You'll have to resurrect version 6.5 to use the interval recording features.....

David Cherniack
April 14th, 2005, 07:52 AM
I resurrected an old copy of 6.0 and read up on the stop frame capture. Never having used it, it seems that it would only capture to dv from the firewire output of the camera if the camera is set to output dv. But if the camera is outputing HDV and the WinXP SP2 HDV device control is installed anyone have an educated guess what would happen? And what if the AspectHD codec for Premiere 6.5 was installed?

Robert Reinhardt
June 22nd, 2006, 04:24 PM
It's a shame, I agree. I love the TL recording feature on my Sony DVCAM/DV cams. I'm testing using the still interval recording feature with a 2gb mem stick duo, but still, it's not nearly as convenient as doing it to tape.

-Robert

Matt Davis
June 24th, 2006, 09:16 AM
Eagerly awaiting feedback on this.
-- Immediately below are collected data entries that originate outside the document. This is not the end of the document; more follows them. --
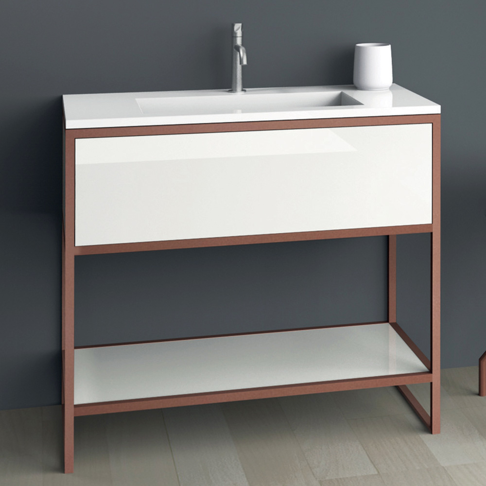 Badmöbellinie zeichnet sich durch eine Struktur aus einem dünnen, matt kupferlackierten Metallprofil aus, das die Türen und das Regal aus glänzend weiß lackiertem MDF einrahmt und eine harmonische Kombination aus vollen und leeren Räumen schafft. Die Metalloberflächen der Türen unterstreichen den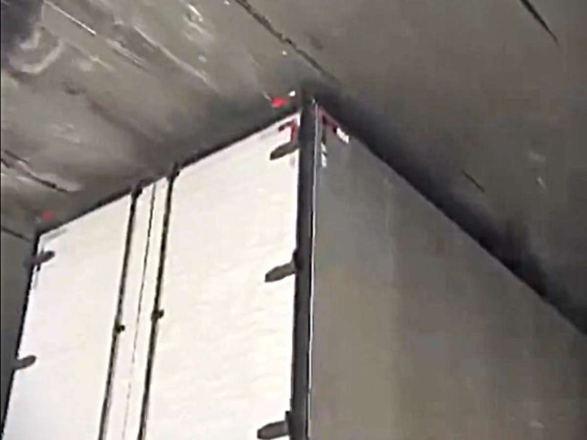 Vídeo: Motorista desatento "entala" caminhão dentro de túnel em Porto Alegre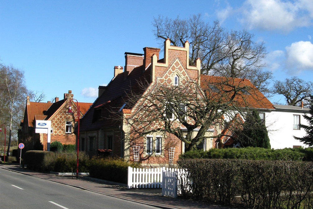 Verstärkt wird ein solcher Eindruck noch durch die in England vornehmliche Verwendung von Backstein und die Ausführung des Sichtmauerwerks in Zierverbänden aus gelben und roten Ziegeln. Staffelgiebel und dekorativ gestaltete Schornsteine und Schornsteinköpfe komplettieren den Eindruck, man habe es hier mit englischen Country-Cottages zu tun - insgesamt ein für Mecklenburg sensationelles, weil singuläres Architektur-Ensemble.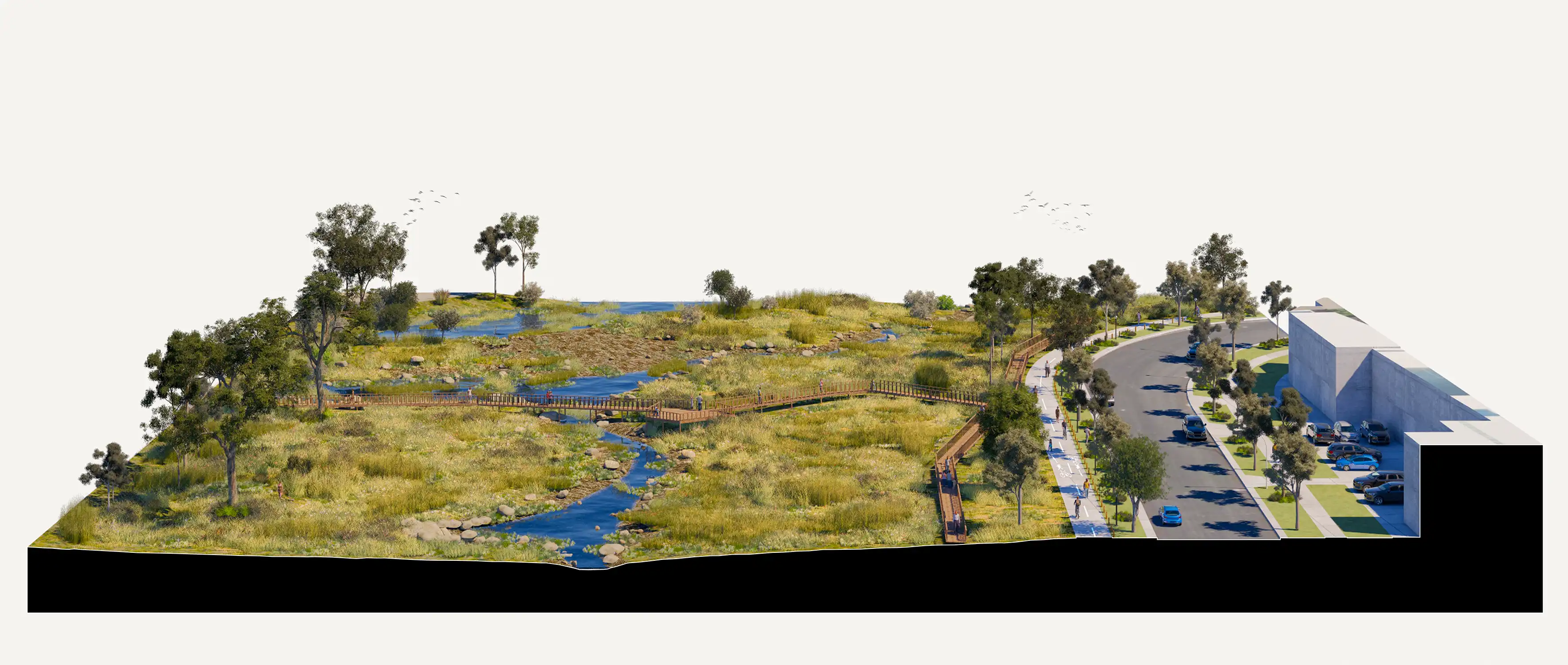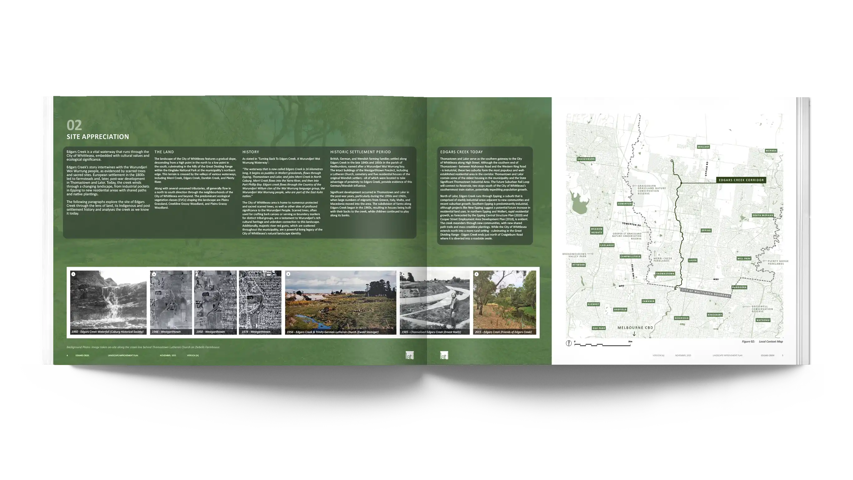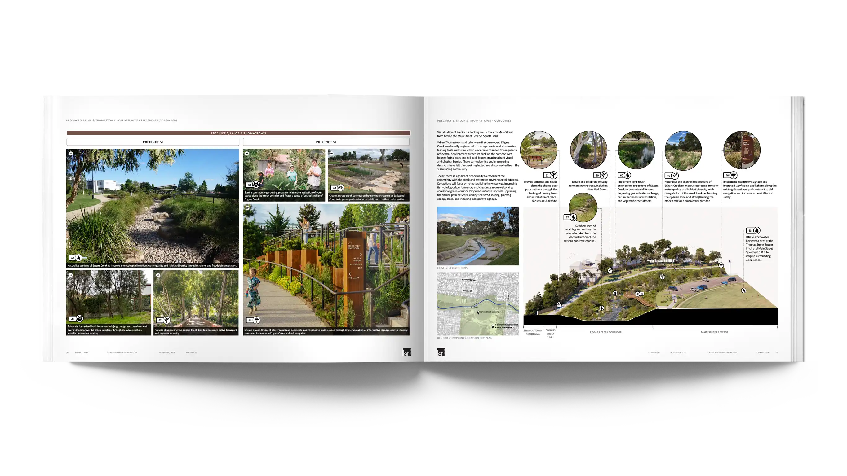 In 2025, LatStudios completed the Edgars Creek Landscape Improvement Plan for the City of Whittlesea. Edgars Creek is a vital waterway running through the centre of the municipality, steeped in cultural values and ecological significance. Although now degraded, neglected and partly channelised in sections, the Creek has the potential to form a critical recreational and environmental green spine for Whittlesea.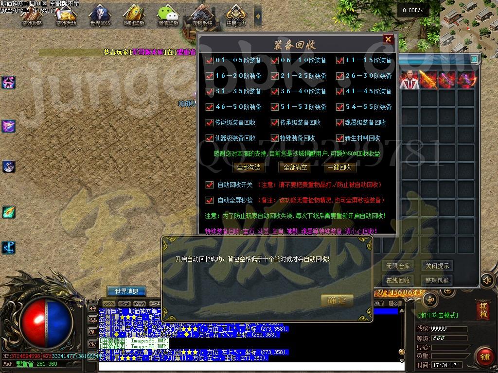 3.回收低中高级装备,会依次得到数里不等的元宝.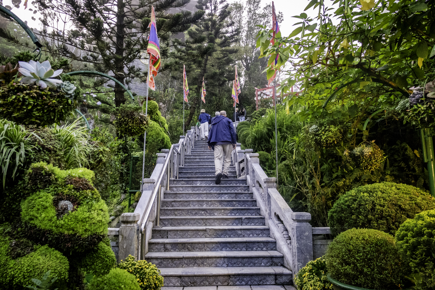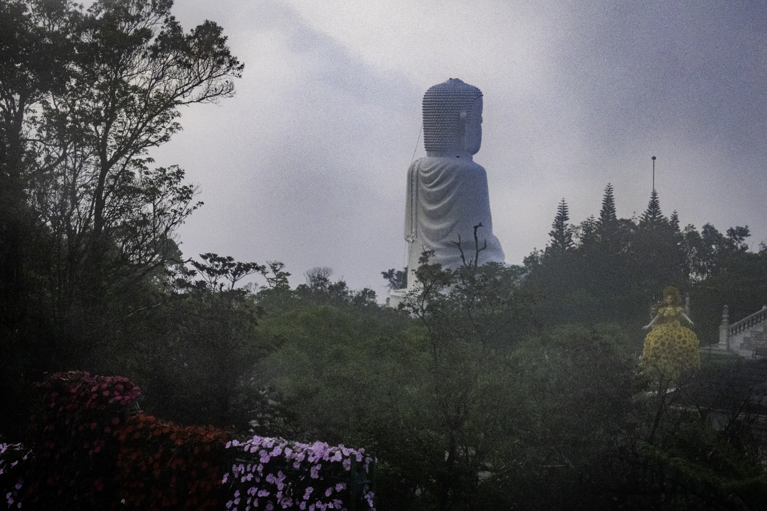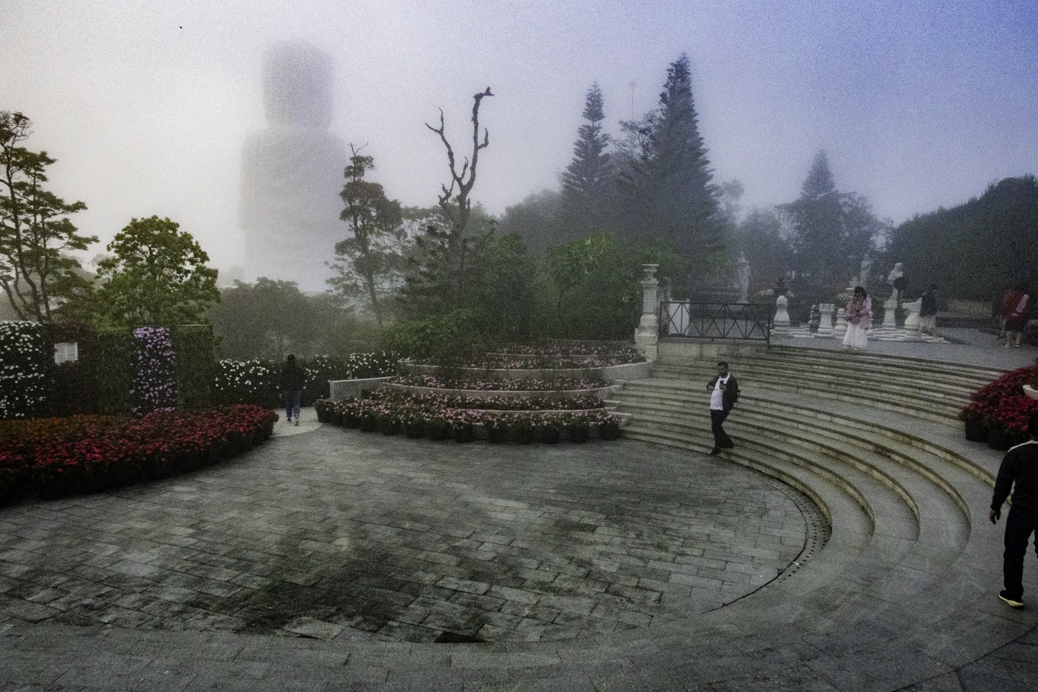 We spend most of an hour on the bridge and our cameras finally relinquish control to us. But we have been teased again! Off in the fog, we have spotted a tall Budda statue and we are off in search of more camera entertainment. Another mile of path brings us to the Budda statue after trekking through displays and the Heavenly Garden that would make Walt Disney proud! Everything is a bit surreal in the fog!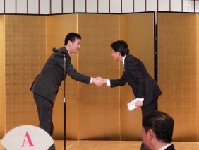 西陣織工業組合新年総会・従業員表彰式(西陣織工業会館)(津田議長・曽我副議長出席)
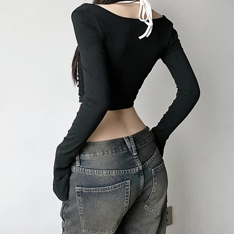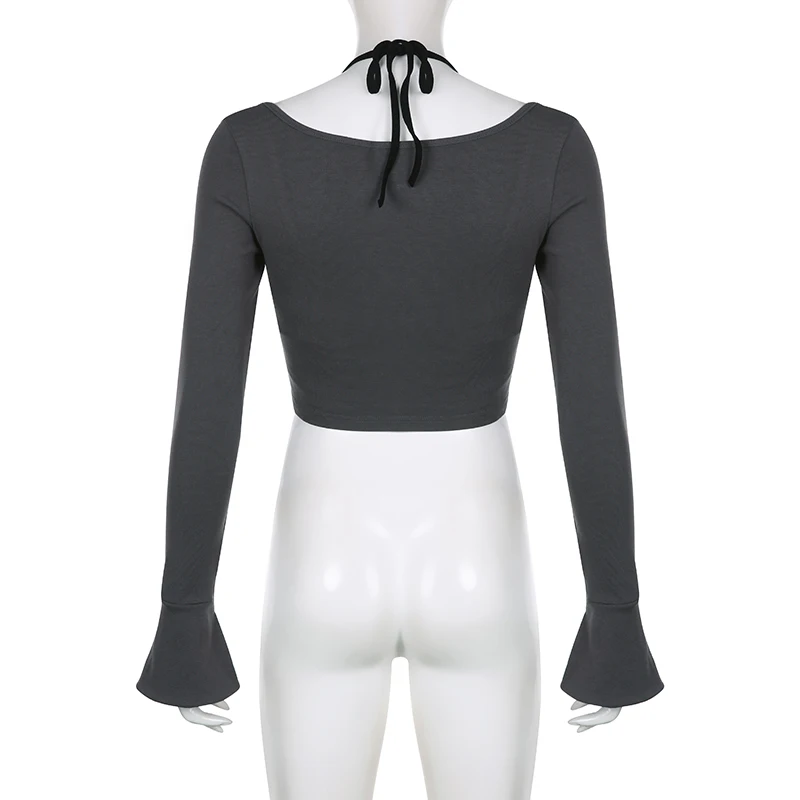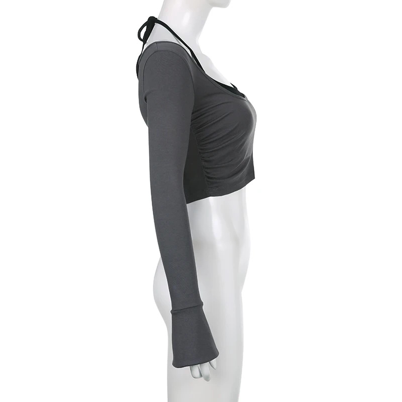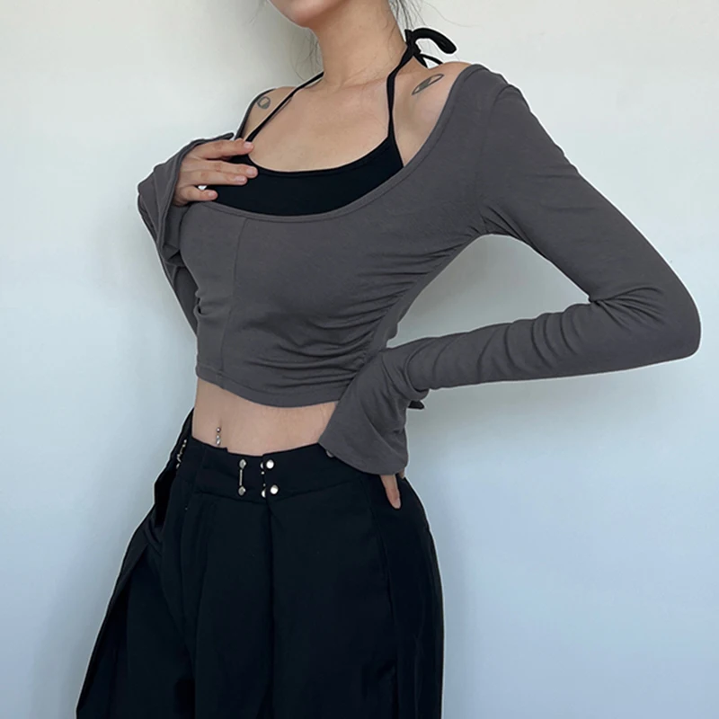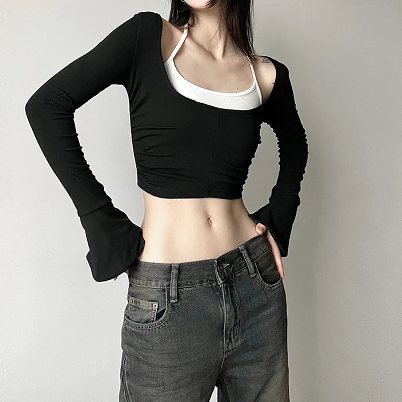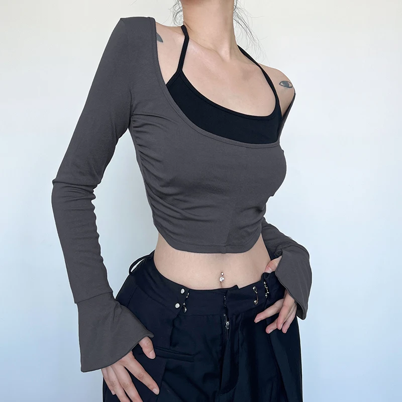fashion Flare Sleeve Color Contrast Two-piece Top Set Halter Crop Casual Streetwear 90s Vinatge Suit Hottie Basic Twinset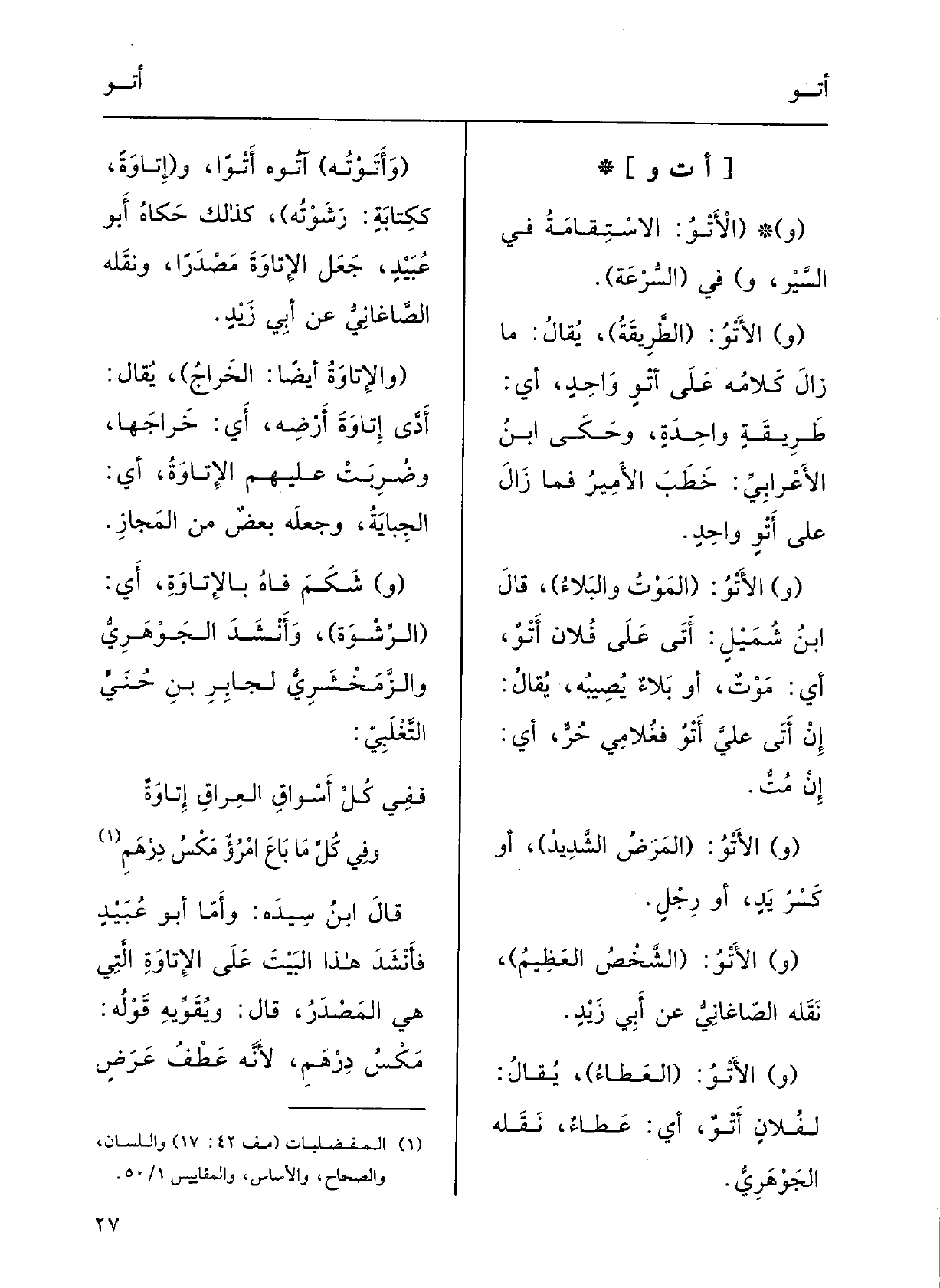 : (و {الأَتْوُ: الاسْتِقامَةُ فِي السَّيْرِ وَفِي (السُّرْعةِ) .
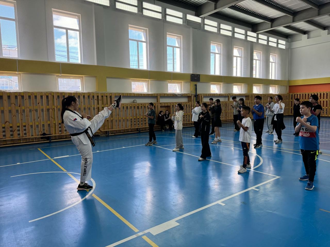 Урок физической культуры для учащихся школы № 31 провела Варвара Афанасьева, выпускница игр по тхэквондо, основатель школы единоборств «Темпл».
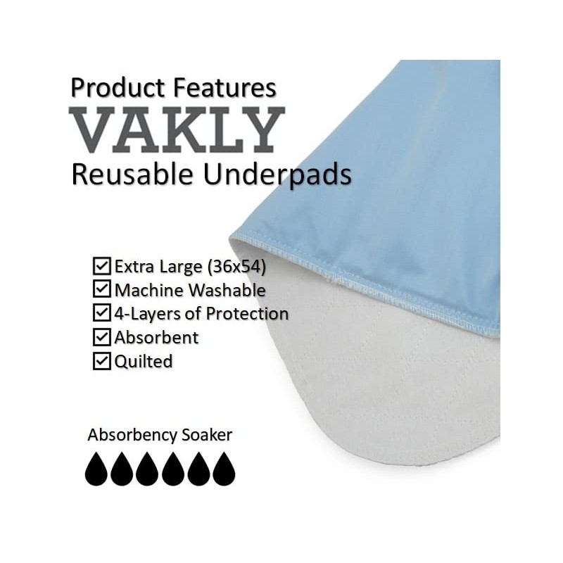 - AMPLE COVERAGE - Each extra-large reusable under pad measures 54-inches on the long side and 36-inches on the short side. These washable XL underpads will give you more than enough coverage and protection. Our absorbent mattress guards cover more than just the area under the patient, but also the areas on the side, making these perfect for people that move around in their sleep.
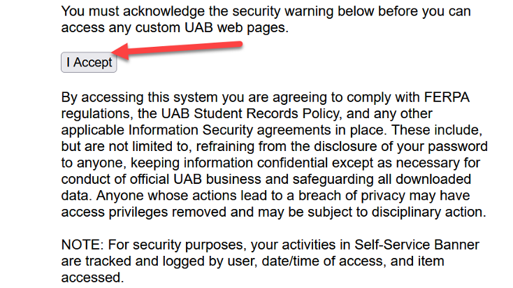 - If the security warning message appears (see screenshot below), click “I Accept” to comply with the terms.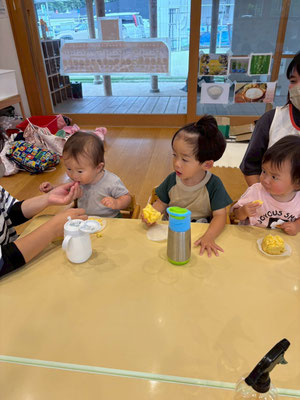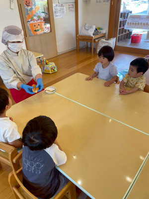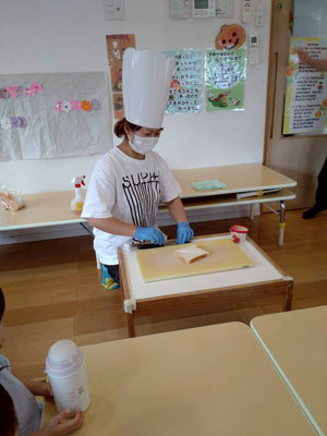 三角に切ってもらった食パンに、バターナイフを使って自分でジャムを塗りました!上手にできるかなぁ💦と不安でしたが、子ども達は上手に塗ることができました。自分で塗ったサンドイッチはとても美味しく、完食する子がほとんどでした☺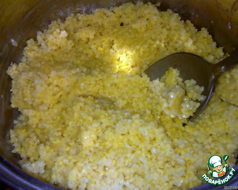 Промыть хорошо стакан крупы, я беру пшено, но можно и рис. Залить 2 стаканами воды, добавить 1 ч.л. соли, варить до полного впитывания воды, до полуготовности крупы.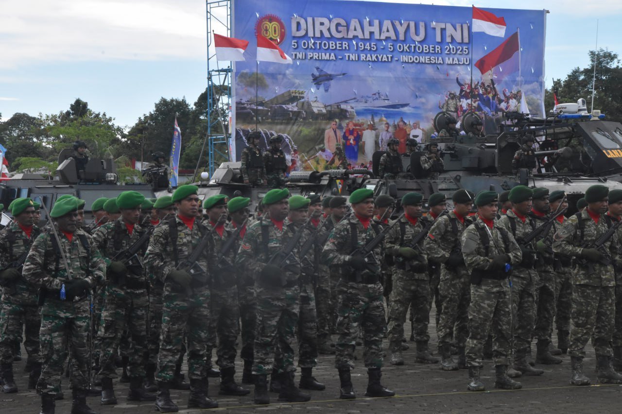 Timika, bisnismetro.id – Bertempat di Lapangan Apel Kantor Pusat Pemerintahan Kab. Mimika, Jl. Cenderawasih, Kel. Karang Senang, Sp.3, Distrik Kuala Kencana, Kodim 1710/Mimika bersama satuan TNI se-Garnisun Timika menggelar upacara peringatan Hari Ulang Tahun (HUT) ke-80 Tentara Nasional Indonesia (TNI) dengan Tema “TNI Prima, TNI Rakyat, Indonesia Maju” dan Inspektur Upacara Letkol Inf Indra Luthfi Wibisono, S.E, Danyonif 754/ENK, Minggu (05/10/2025).

Thanks in advance.

This may be an unpopular comment, but have you considered a stills camera for this? I do a lot of event work where the 'build' is something the client is keen to capture - maybe a day's worth of activity as a stage or tent goes up.

Maybe it's something simple like watching a huge auditorium fill up before a big plenary, or showing the ebb and flow of a dinner. That could be done with an hour or two's worth of tape, but it's a lot of time to ingest.

I invested in a HDD recorder, but it also requires a whole different power supply and batteries, and it proved fragile.

So for the last two years I've used a stills camera - a little Pentax that can do 99 shots over time (for example 1 shot every 30 secs means resetting it every hour or so). It's small, discrete, doesn't require a laptop, has a full manual mode as well as many auto modes, and if I shoot 1600x1200, I can do things like long slow creep zooms and subtle rotates with the resultant movie.

It's worked very well, but the 99 frames (4 seconds in PAL land) is a bit of a limitation - but the success of its shots means I now have enough cash to buy a better camera without this limitation, and I'll know that the investment will be paid back in a set time. :-)

And (more tellingly) I can get on and shoot pick-ups and detail whilst the time-lapse goes on.

Get a stills camera with intervalometer - it's the way to go.